■ EXERCISE PROMPT ■
With the pictures left out, print exactly the lines below that run from the one containing "üzgün Arete, bütün" through the one containing "비를 머금어 미끄럽지만".

[SUPPLIED MATERIAL Boundary: Start]

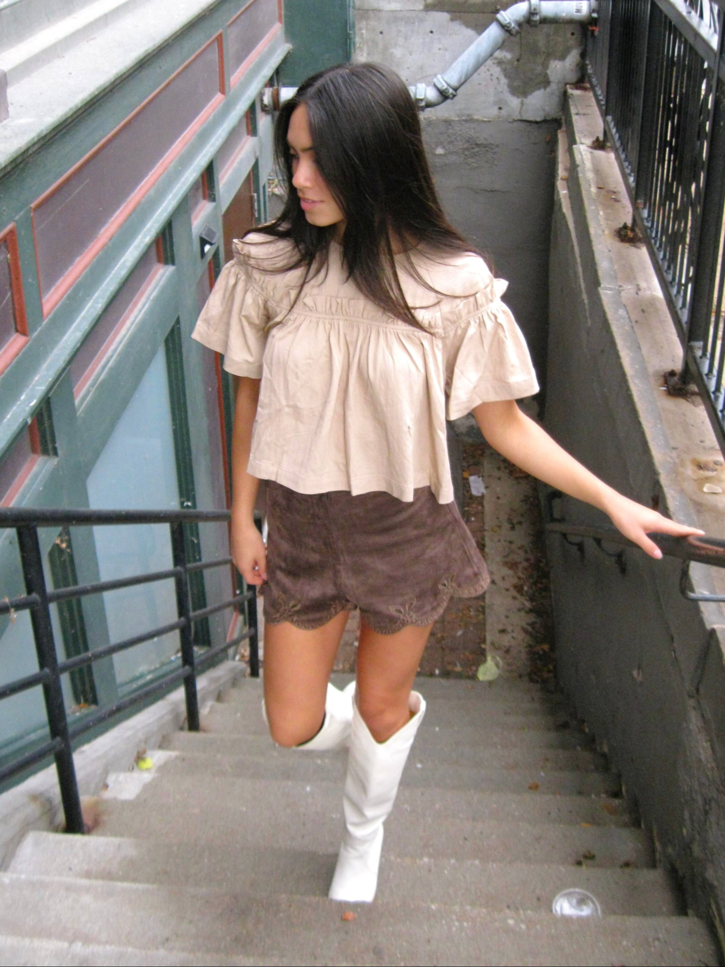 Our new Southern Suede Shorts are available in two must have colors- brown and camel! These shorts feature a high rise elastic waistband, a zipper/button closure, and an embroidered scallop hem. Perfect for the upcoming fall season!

[SUPPLIED MATERIAL Boundary: End]
[SUPPLIED MATERIAL Boundary: Start]

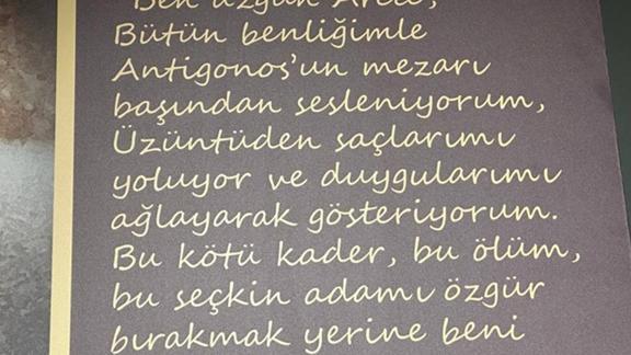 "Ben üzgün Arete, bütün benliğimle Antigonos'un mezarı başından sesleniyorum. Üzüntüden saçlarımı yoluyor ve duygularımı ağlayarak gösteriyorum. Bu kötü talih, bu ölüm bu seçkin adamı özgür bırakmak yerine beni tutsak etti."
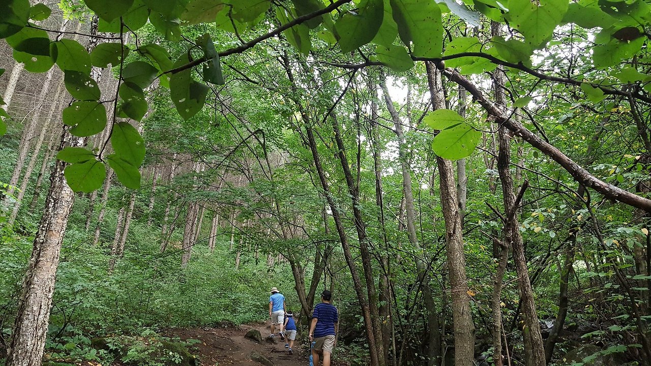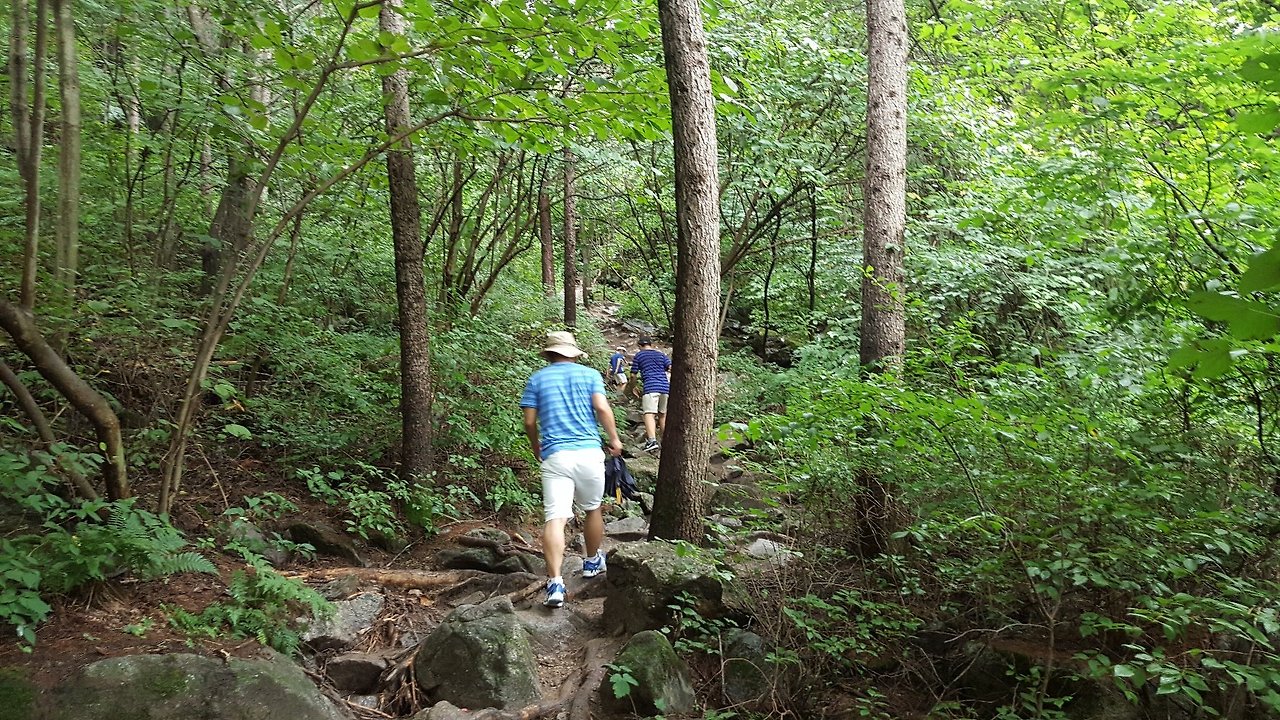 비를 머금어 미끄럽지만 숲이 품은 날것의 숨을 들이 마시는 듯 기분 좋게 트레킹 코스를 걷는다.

[SUPPLIED MATERIAL Boundary: End]

■ OUTPUT BELOW ■
 "Ben üzgün Arete, bütün benliğimle Antigonos'un mezarı başından sesleniyorum. Üzüntüden saçlarımı yoluyor ve duygularımı ağlayarak gösteriyorum. Bu kötü talih, bu ölüm bu seçkin adamı özgür bırakmak yerine beni tutsak etti."
 비를 머금어 미끄럽지만 숲이 품은 날것의 숨을 들이 마시는 듯 기분 좋게 트레킹 코스를 걷는다.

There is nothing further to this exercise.